No lack of character but occasional deviations from the score

Dudok Quartet Amsterdam: Tchaikovsky

The Strad Issue: June 2024

Description: No lack of character but occasional deviations from the score

Musicians: Dudok Quartet Amsterdam

Works: Tchaikovsky: String Quartets vol.1: no.1 in D major op.11, no.2 in F major op.22; Eugene Onegin: Lensky’s Aria (arr.David Faber)

Catalogue number: RUBICON CLASSICS RCD1103

The opening movement of Tchaikovsky’s First String Quartet flows along nicely, but a persistent feature of the recording soon appears: when cellist David Faber takes the melody in the exposition, the semiquavers of first violinist Judith van Driel all but disappear. Still, Driel makes up for it with her neatly executed semiquavers in the development. The famous Andante cantabile is simply and effectively played, with some judicious portamento in the central section. The Scherzo is sturdy, rustic stuff, with biting accents and crisp staccatos, but the Dudok dynamics are not the same as Tchaikovsky’s, and his diminuendo sin al fine just doesn’t happen. In the finale, the solos in the viola and cello again come firmly to the fore as their colleagues recede.
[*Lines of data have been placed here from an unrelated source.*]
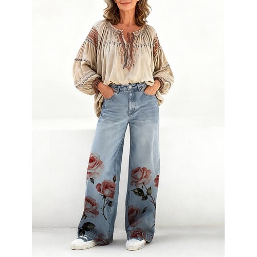 Per donna Gamba larga Chinos Vacanza Vintage Stile Etnico Lunghezza intera Vita Alta Floreale Grafico Tasca Stampa Comodo Morbido Confortevole Micro-elastico All'aperto Vacanza Streetwear Blu
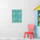 Print of a twelve point mandala pattern in turquoise, blue, white, and shades of grey / grey on a pale, silver grey background
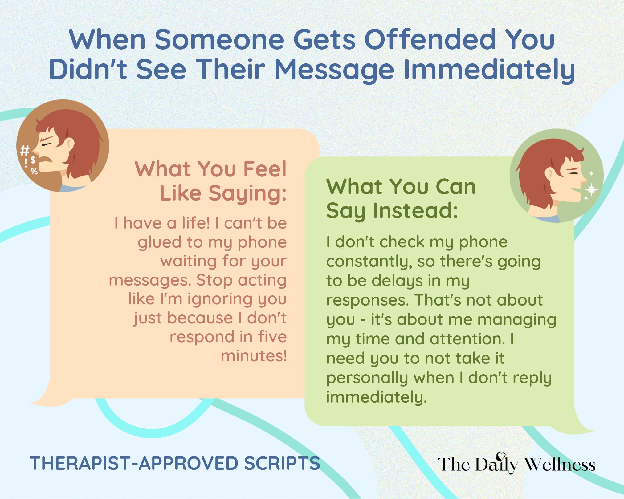 Pro Tip: If they come back with "everyone else responds faster" or "it's not that hard to check your phone," try: "I'm not going to be constantly available just because other people are. I'll respond when I can." Someone else's expectations about instant communication don't get to dictate your relationship with your phone.
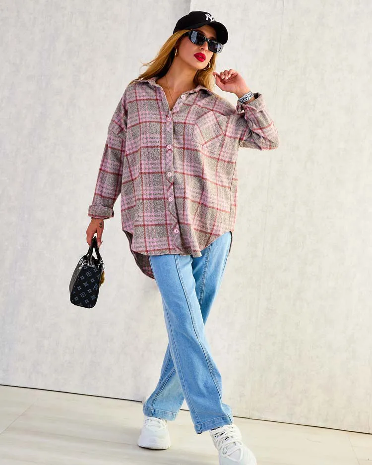 - Dámská kostkovaná košile nadměrného střihu má dlouhé rukávy, elegantní límeček a 1 kapsu. Skvěle se hodí na podzim!
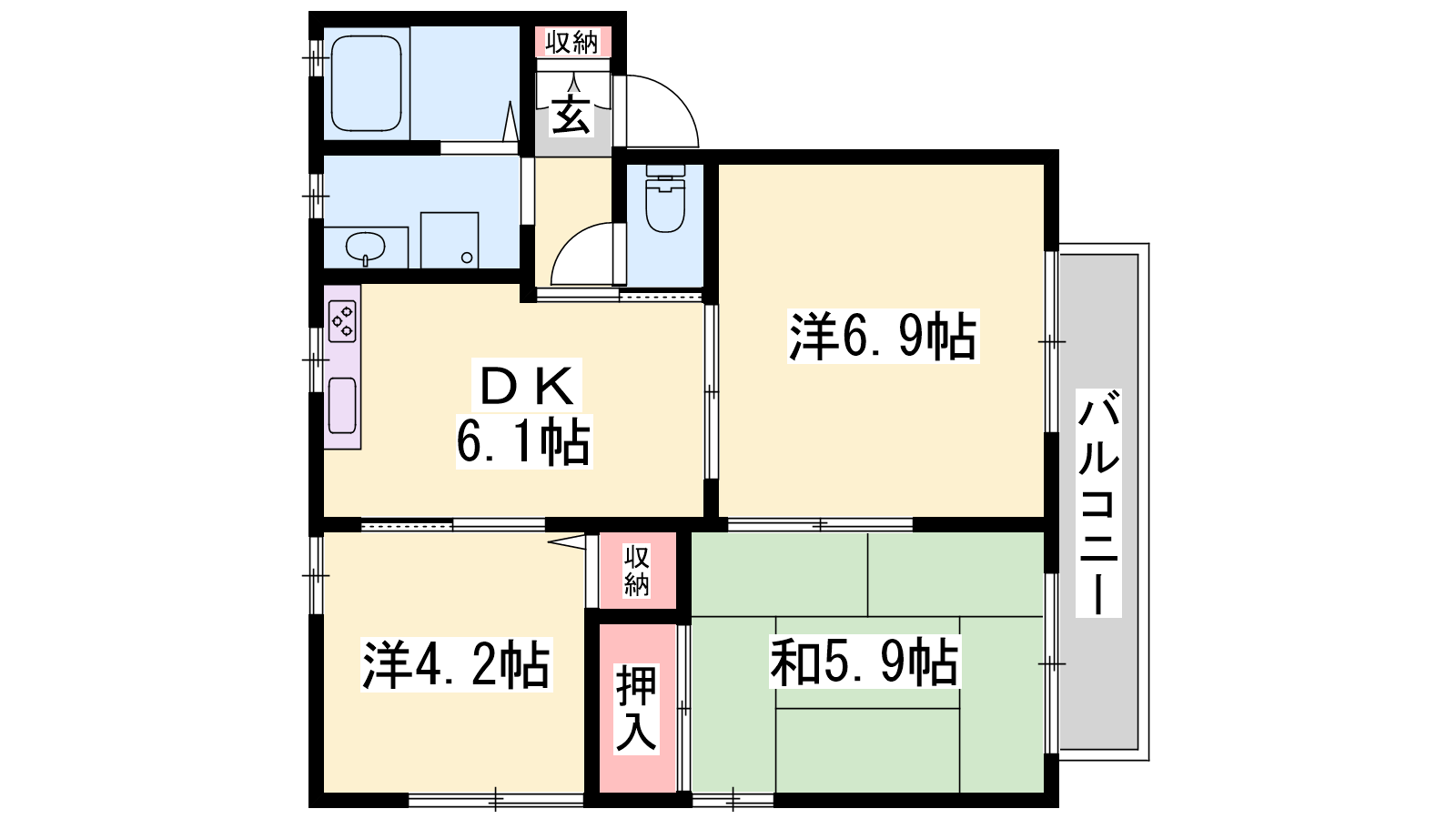 - DK6.1帖、洋室6.9帖、洋室4.2帖、和室5.9帖
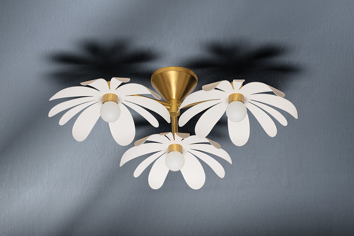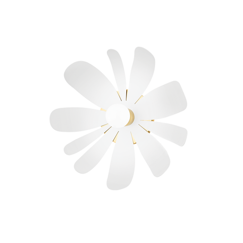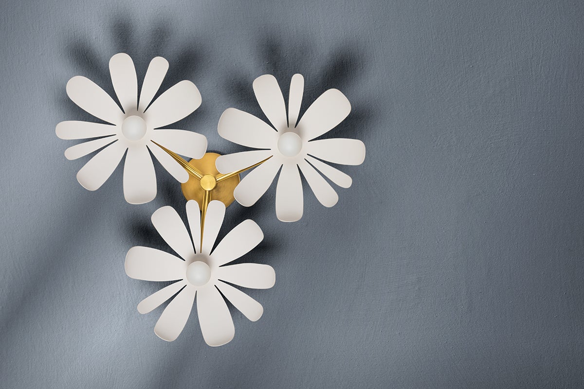 Pretty with a retro flair, Twiggy is floral inspiration at its finest. Different-sized textured white petals sprout from a petite opal matte bulb at the center. The aged brass accents add a pop of shine without taking away from the piece's organic feel. Twiggy offers an entire bouquet of options including a one- or three-light wall sconce, a 3-light semi flush and a 3-light floor lamp.
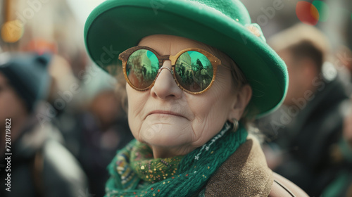 Fashion elderly lady in leprechaun clothes and a hat for St. Patrick's Day creates a festive ambiance on city street, with reflective stylish sunglasses.
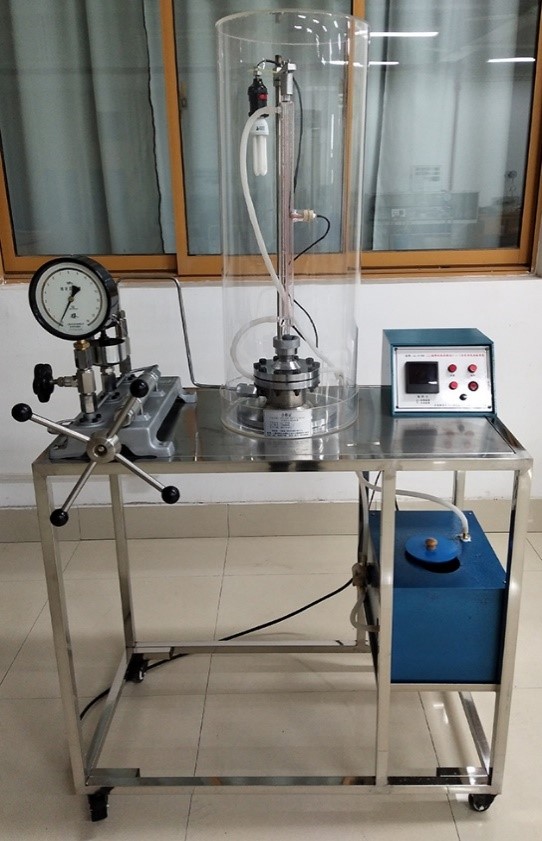 3、高压容器,用45号钢加工焊接而成,表面采用镀铬处理;高压玻璃管,厚度3mm,耐压11MPa。
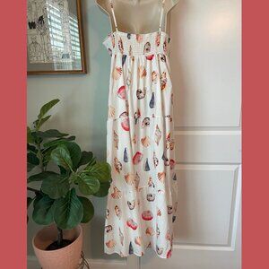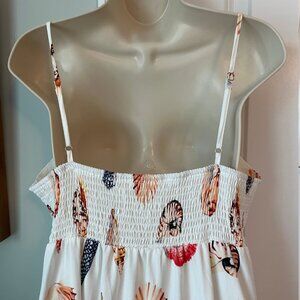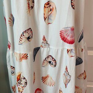 Seashell print spaghetti strap dress with white background, tiered hem, and pockets. Gorgeous designer-inspired print and design, worn once.
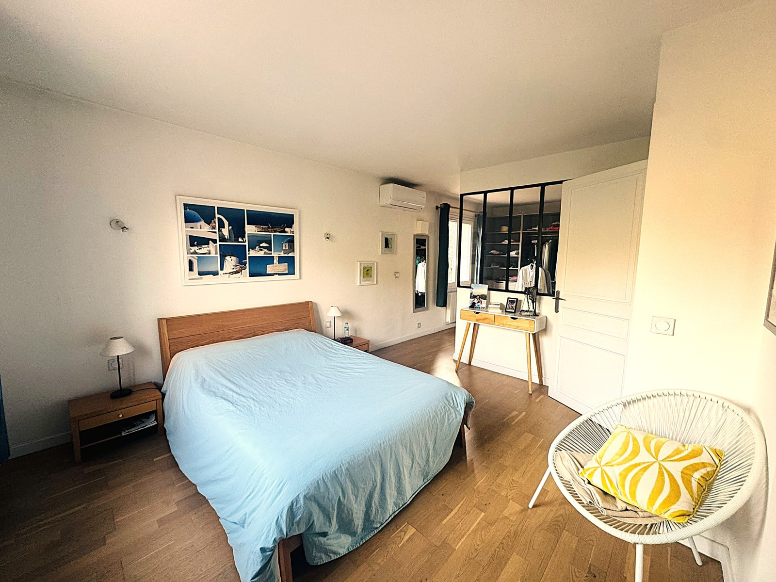 Quelques marches mènent à l’espace nuit principal comprenant une chambre parentale avec salle de bains et grand dressing, ainsi qu’une chambre supplémentaire pouvant faire office de bureau ou de chambre d’amis.
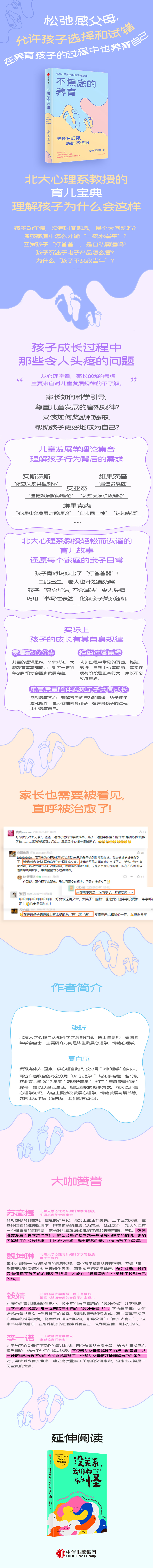 对于当下的父母们正面临的育儿挑战,两位作者从自身出发,结合儿童发展心理学理论,给出了他们的解决路径。《不焦虑的养育》不仅帮助父母理解孩子的行为和需求,以一种更加科学和系统的方式来养育孩子,也帮助父母更好地理解自己的角色。对于寻求减少育儿焦虑、建立高质量亲子关系的父母来说,这本书无疑是一份宝贵的资源。

The Dudok players make the most of the chromatic dissonances at the opening of the Second Quartet, and Driel plays her recitative with passion and flair, and there is tender playing to come after the energetic scrubbing, and a heroic, muscular climax. They are delicate in the quixotic scherzo, with its quirky time signature, and there is gentle good humour in the central L’istesso tempo. The Andante has an easy grace until Tchaikovsky ratchets up the power, and the finale is equally genial, with clear textures in the fugue. The recording is close and warm.